What I think we should be measuring is, for a given angle, what height the two objects have to be so that we draw a line between them, the line is a tangent of the circle at the midpoint of the arc.

So if R is the radius and h the object height and a the angle of the arc, h should satisfy ( h + R )* cos(a/2) = R. So that h = R/cos(a/2) -R. For h = 1.7m, the angle a/2 is 1.5*10^(-3). In this case the horizon is 4.7km away, which is the value I found on the internet for an object of that height.

So for arc length of 93 km, to see the top of the the tower they would both have to be 560 ft.

[Mick F]

On a clear day from Snaefell on the Isle of Man, you can see Blackpool Tower.
60odd miles.

Blackpool Tower is only 500ft tall.

[beardy]

Snaefel on the other hand is 620 metres. So you could probably see all of the Blackpool tower.

Even without the effects of refraction.

[Mick F]

Yes, that's what I meant.
If there's a 2,200ft "drop", the tower couldn't be seen.

[jochta]

Snaefel on the other hand is 620 metres. So you could probably see all of the Blackpool tower.

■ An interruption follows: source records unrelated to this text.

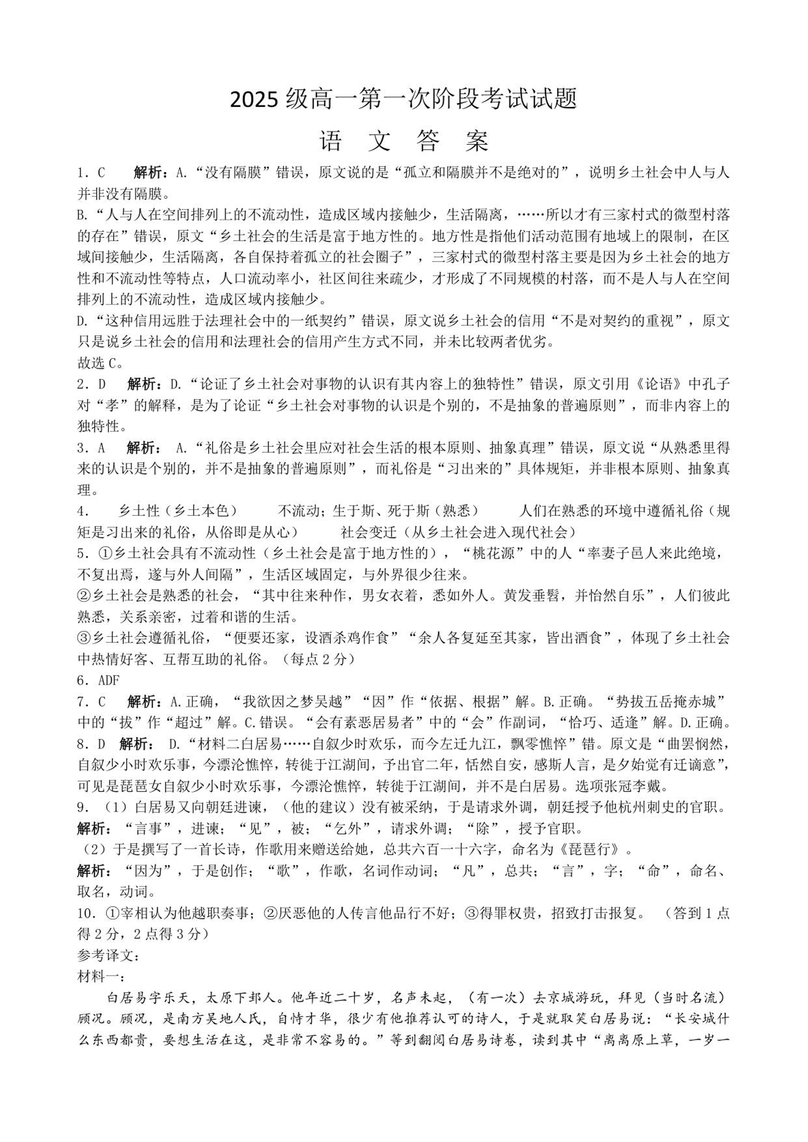 高一语文答案--湖南省岳阳市岳阳县第一中学2025-2026学年高一上学期第一次月考
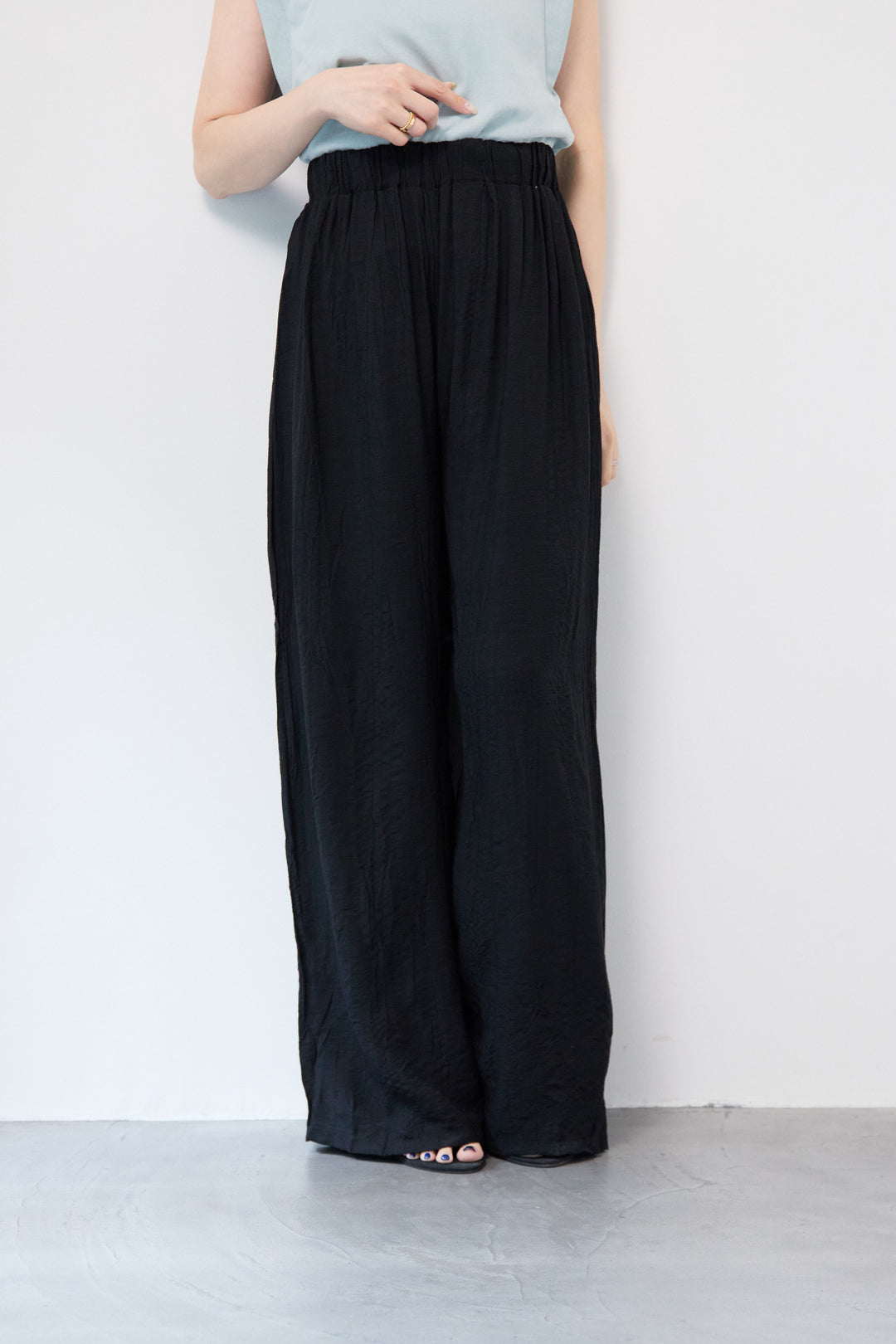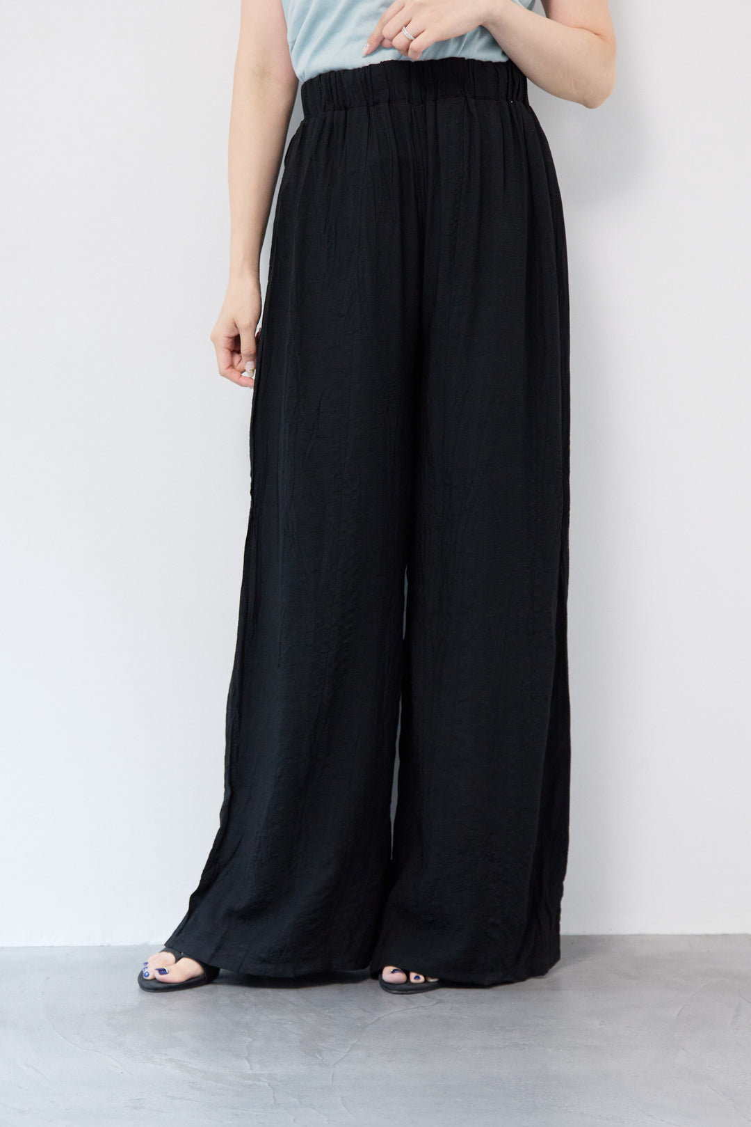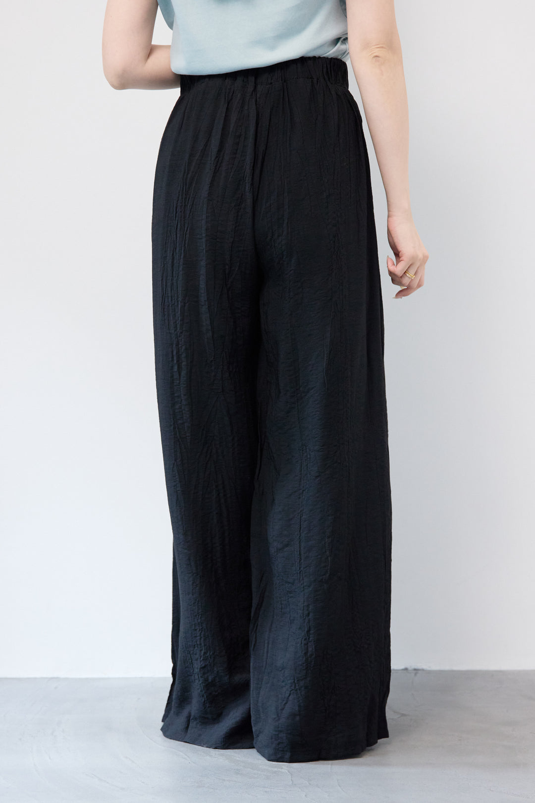 グラデーションの色合いが魅力のワッシャーパンツ。シワ感のある素材が動きにニュアンスを与え、抜け感のある大人のリラックススタイルを叶えます。ウエストはゴム仕様で、着心地も快適。シンプルなトップスを合わせるだけで、コーディネートにアクセントを加えてくれる一本です。
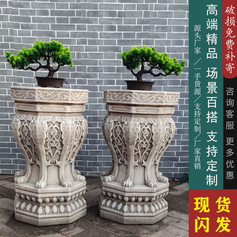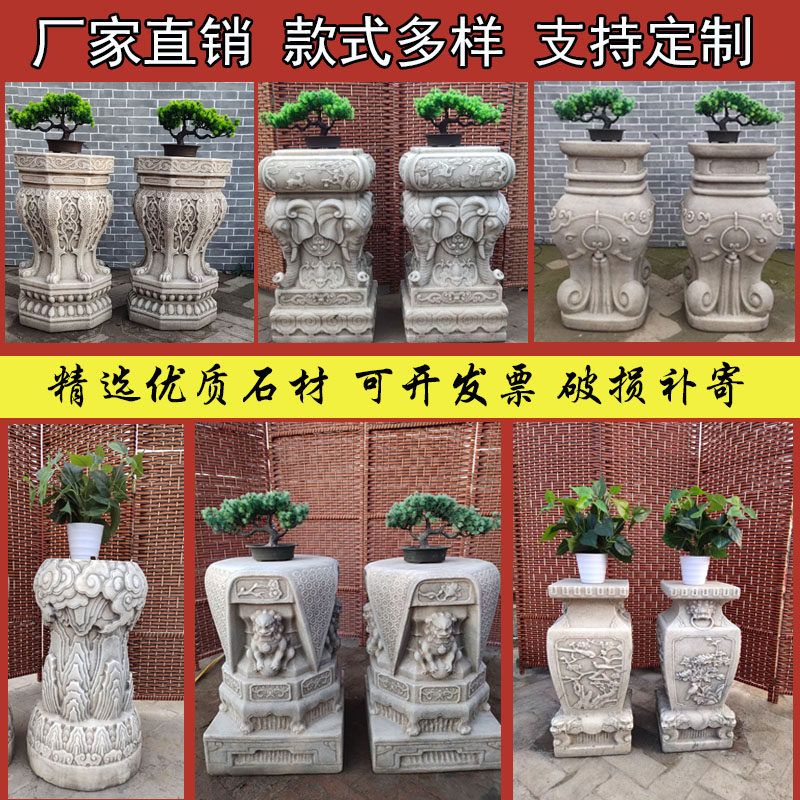 Hanbai jade natural column pier stone flower shelf base stone carved courtyard pendulum piece imitation ancient stone pier Chinese style bonsai flower table
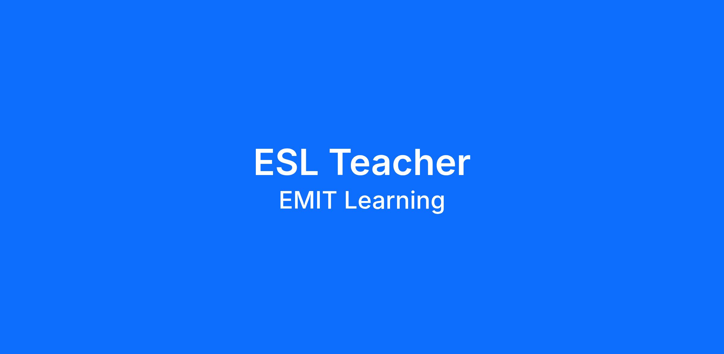 EMIT Learning is currently seeking a passionate and dedicated ESL (English as a Second Language) Teacher to join our team. As an ESL teacher, you will play an essential role in helping students from diverse linguistic and cultural backgrounds develop English language proficiency and achieve academic success. If you are committed to empowering multilingual learners and fostering an inclusive, engaging classroom environment, we encourage you to apply.
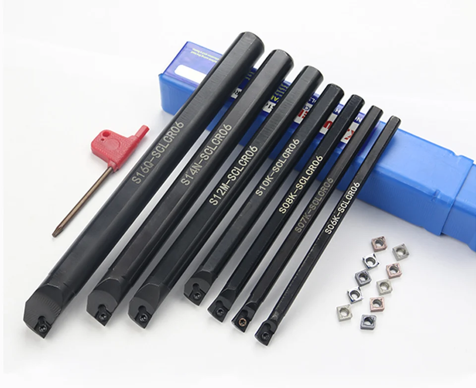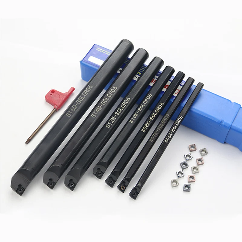 1 шт. S07K-SCLCR06 + 1 шт. S10K-SCLCR06 + 1 шт. S12M-SCLCR06 Держатель токарный инструмент расточный стержень 7101216 мм + 10 шт. вставки CCMT0602
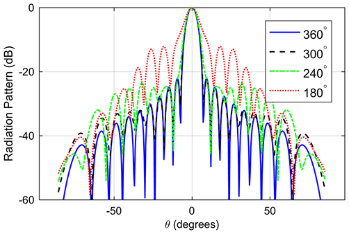 Sub-wavelength single resonance phasing elements have a phase-range below 360˚. So, some elements have unachievable phase shift. The radiation patterns for various element phase-ranges of 30 cm side-length square RA with θo = 0˚, θb = 0˚, rf = 1, qf = 8.2, and qe = 0.85 are represented in Figure 5(b). As can be observed from Figure 5(a) and Figure 5(b), no grating lobe appears due to the pseudo-random distribution of phase errors [11] . These effects are compared in Table 3 and Table 4. It is noticed that these errors increase SLLs, but have no major effects on the HPBW. Even the 45˚ quantization-phase or 180˚ phase-range cases has similar HPBW as RA with ideal phases. It can be a very helpful to cut back to the system complexity and cost, when the HPBW is a major demand.

Even without the effects of refraction.

http://www.ringbell.co.uk/info/hdist.htm

Horizon from Snaefell is 89km.

Horizon from the ISS at an altitude of 400km is 2300km

[aspiringcyclist]

I found another more useful formula. If h1 is your height, d distance of the straight line between the top of the observer and the object, and h2 is the height of the object, then h2 = (1/2*R)*(d - Sqrt( 2*h1*R) )^2. So if the distance is 90km and the viewer height is 620m, the minimum height of the object is 0.1m.